I thought of the sort of decisions that weren’t really choices that Natasha had had to make in the past; I’d made a few like that myself in my time. And that was when I knew what I had to do.

I told the driver to park across the street and wait. He started to complain that he was losing money, but I showed him what a fifty-dollar bill looked like. He stared at it, looked at my eyes, which didn’t blink or leave his face, decided to shut up.

We waited for almost an hour, and then Natasha flagged down a taxi as the apartment block guard struggled out with two large suitcases.

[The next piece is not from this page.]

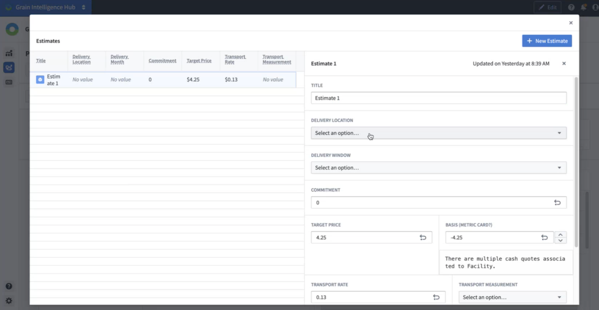 On the next page you can begin the process of strategizing with the available supplier information. Start by naming this new estimate under Title, and then completing as much of the menu items as possible. Once complete, click the blue Edit button at the bottom and your updates will show in the table on the left.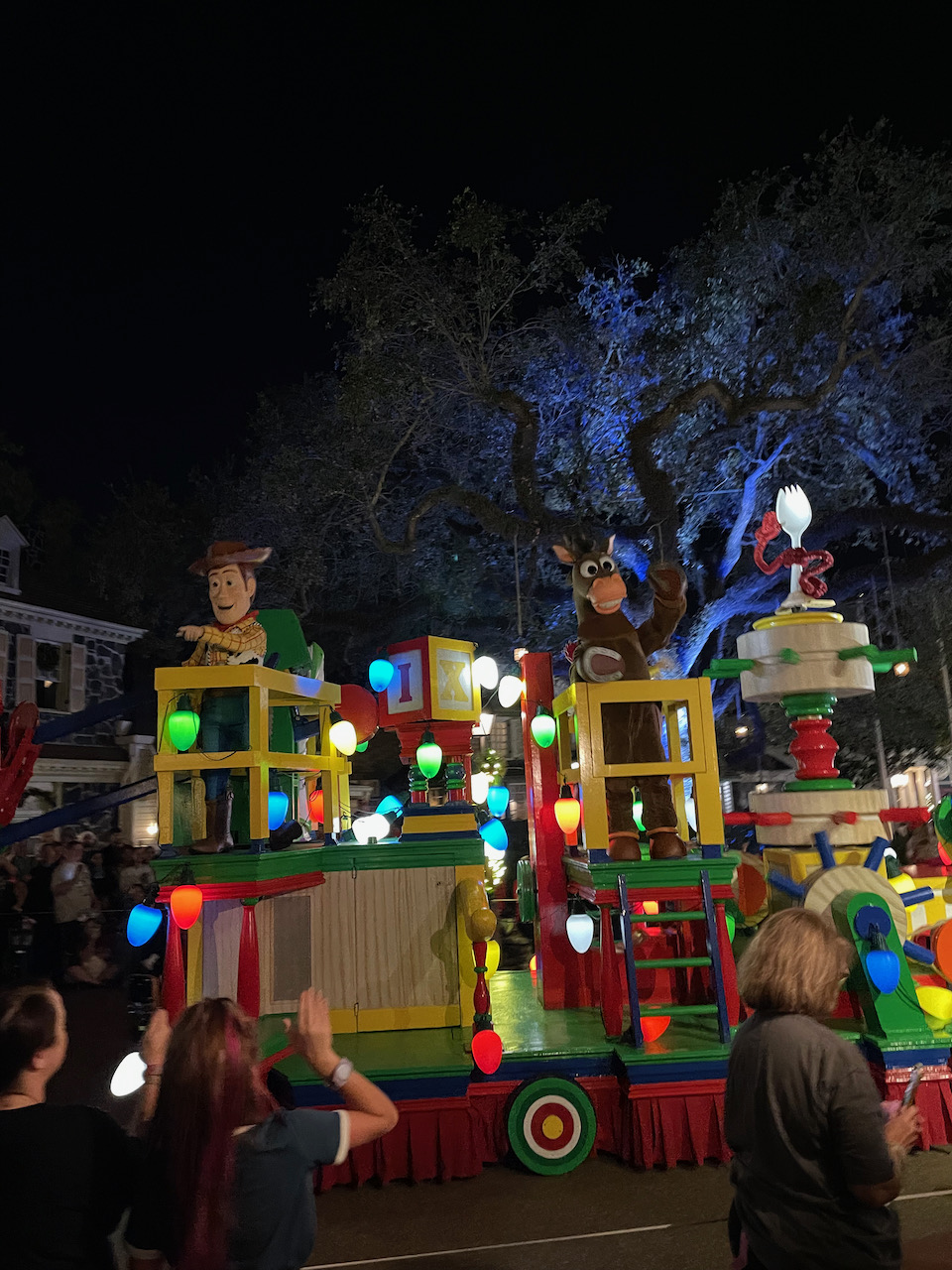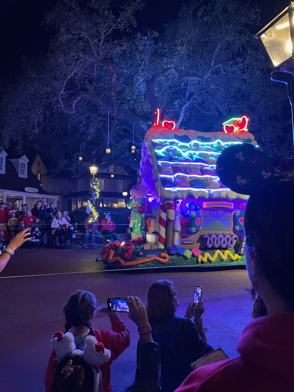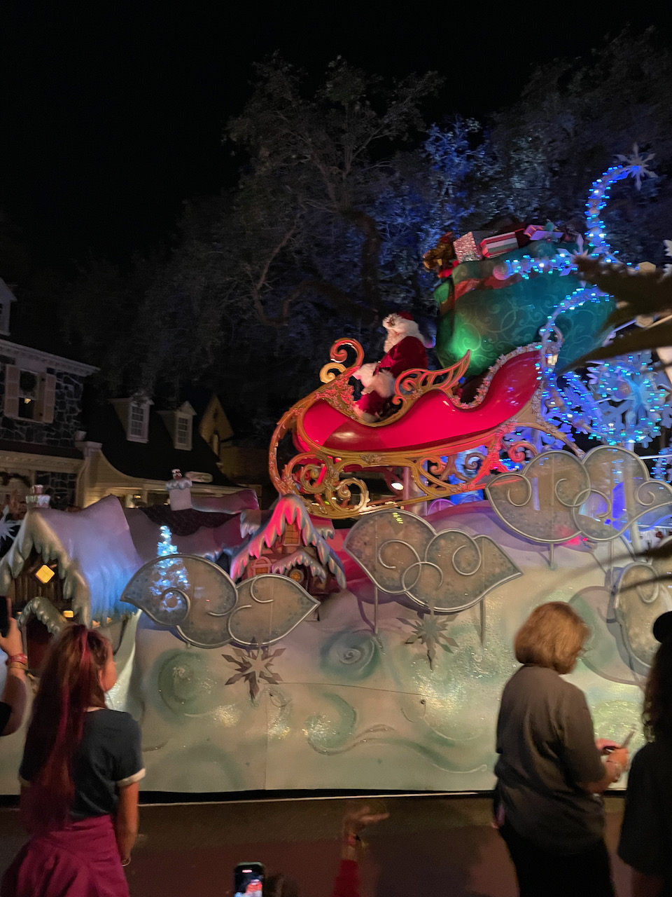 After a few more rides (such as the Seven Dwarfs ride) I caught up with Little Miss on Main Street for some shopping as we made our way out of the park. Our timing could not have been better — during the parade, Disney had fake snow machines running. Combine that with the holiday themed floats, and, music; the atmosphere was outstanding.

He put them in the trunk of the taxi, took the tip that Natasha waved in the air without looking at him, nodded, went back inside.

“Don’t tell me, follow that taxi,” the driver said. A comedian. But I wasn’t in the mood for a movie wise guy, so I threw him the stare and crumpled the fifty in my hand. We followed Natasha’s taxi. I was watching the road signs and, as I’d assumed, Natasha was on her way to one of the three airport terminals.

I had no way of knowing which one but guessed Terminal Three, the one that services Emirates. I assumed she intended putting as much distance between Dubai, Kyrgyzstan and herself as possible, maybe losing herself in New York and hiding out in Brighton Beach, where all the Russians live. The upside of that would be she could blend in, the downside that Tynaliev would probably have contacts there. Arrive, hole up for a couple of days and make an appointment for very expensive plastic surgery at some equally discreet clinic in Connecticut. A false passport to add to the one she was traveling under, and then she was home free to go anywhere on the planet.